September was a difficult, draining month for me. Honestly, probably the hardest one I've had since we moved in February. Literally almost every day was a struggle and I felt more anxious, sad, and lonely than I had in a long time. I think there were probably several factors that came into play, but one big one is that Peyton and I just spent a lot of time talking about what is next and trying to make decisions for the future.
I may have said this before, but one reason I think I've enjoyed our time in Brooklyn so is because we have been able to press pause for a minute and just live in the moment. I think Peyton and I both struggle to do this. Peyton because he like to search and adventure and always wants to be scheming up the next idea. Myself because I'm a planner and I like to know (and truthfully control) what is coming next. I know I've said this before, but I spent too much time wanting get engaged, and then married, and...well, I didn't have much time to wish away our newlywed days for babies, but I'm sure I would have. I learned to slow it down a bit when the children came because I realized how beautiful our days were and they've truly been the best days of my life. I hope we'll have plenty just as precious, but I can't imagine anything being better than this season. So I had gotten away from wishing away time and wanting the next phase to come, but there was still a pull. I just wanted to know (and again, really decide) what was coming next. Somehow, in Brooklyn, I just feel like I broke through from all that for a bit.
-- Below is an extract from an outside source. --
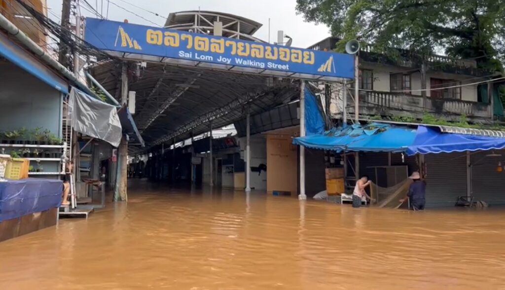 ที่ จ.เชียงราย น้ำในแมน้ำสายทะลักเข้าท่วมชุมชนชายแดนด้าน อ.แม่สาย โดยเฉพาะตลาดสายลมจอย พื้นที่เศรษฐกิจการค้าชายแดนชื่อดังของจังหวัด น้ำจากบริเวณใต้สะพานเข้าท่วมปากทางเข้า และทะลักเข้าไปบนถนน ภายในตลาดตลอดแนว ส่งผลให้พ่อค้าแม่ค้าพากันขนสินค้าขึ้นไปไว้บนที่สูง ส่วนใหญ่ขนย้ายได้ทัน เพราะมีประสบการณ์ถูกน้ำท่วมติดต่อกันมาแล้วหลายครั้ง ซึ่งรอบนี้นับเป็นรอบที่ 3 ของปีนี้

I didn't stress about school options because I hadn't really given myself any besides homeschooling. We didn't plan any new adventures, because it was a huge adventure. I didn't fixate on having another child, because I knew I didn't want to be pregnant or have an infant in Brooklyn. And we weren't worried about when to leave because we wanted to just experience it first.
Well, for some reason a lot came to the forefront in September. And I sort of HATED going over it all. Over and over. It was exhausting. Peyton and I are both talkers. We think too hard often and we talk too much often. It wore me out.
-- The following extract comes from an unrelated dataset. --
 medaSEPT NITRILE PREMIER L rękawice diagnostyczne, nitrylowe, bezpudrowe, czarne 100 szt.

Thankfully, we were able to make a lot of decisions before the trip home, so it's been a lot more relaxed than if we still had things up in the air.
Here is why I feel settled:
- We're moving back to Mississippi in May, most likely the beginning of May. The trip home has given me a real peace about it. I know I will leave a part of me in New York and that I will carry pieces of Brooklyn in my heart until the day I die. But being home has been wonderful and I've felt so right here. That doesn't mean there won't be days I don't cry because I miss the city so much or that there won't be things about the South that frustrate me to no end. But it does mean that I know this is our place. For now, anyway.
- We're down to two options for schooling- straight homeschooling or doing a two day a week school (which is different than the program Annie did for a year and a half when we lived here). I feel really good about either and now it's just weighing the pros and cons and deciding what is a better fit for our family for the next school year. Sometimes deciding between two great options is really difficult for me, but it's a good predicament to be in!
- We've discussed this a lot and really thought about what we want our family to look like (obviously the Lord has veto/overriding power on that-- HEEEEELLO, Annie Banani!) and we have an idea of what we're hoping for going forward. Spoiler- it includes more kiddos! I'm reminding myself that it's important to keep it one kid at a time, one year at a time. But at the same time, I think it helps to have a gameplan so we can plan for things like housing and such.
- Speaking of, we had really talked about moving into Jackson, but I think we're going to stay in the suburbs for the next two or three years. That could totally change, but it feels good to at least have the intention determined.
- Which leads to this....we've decided on our next adventure/project! I'm going to blog about it in more detail because it really deserves it's own post.
It was interesting typing this all up because I realized more why it had been so stressful. That's a lot of really big things we put upon ourselves to decide. I'm glad we can move forward and enjoy the rest of our New York adventure with a sense of peace and that we can relax and enjoy the ride!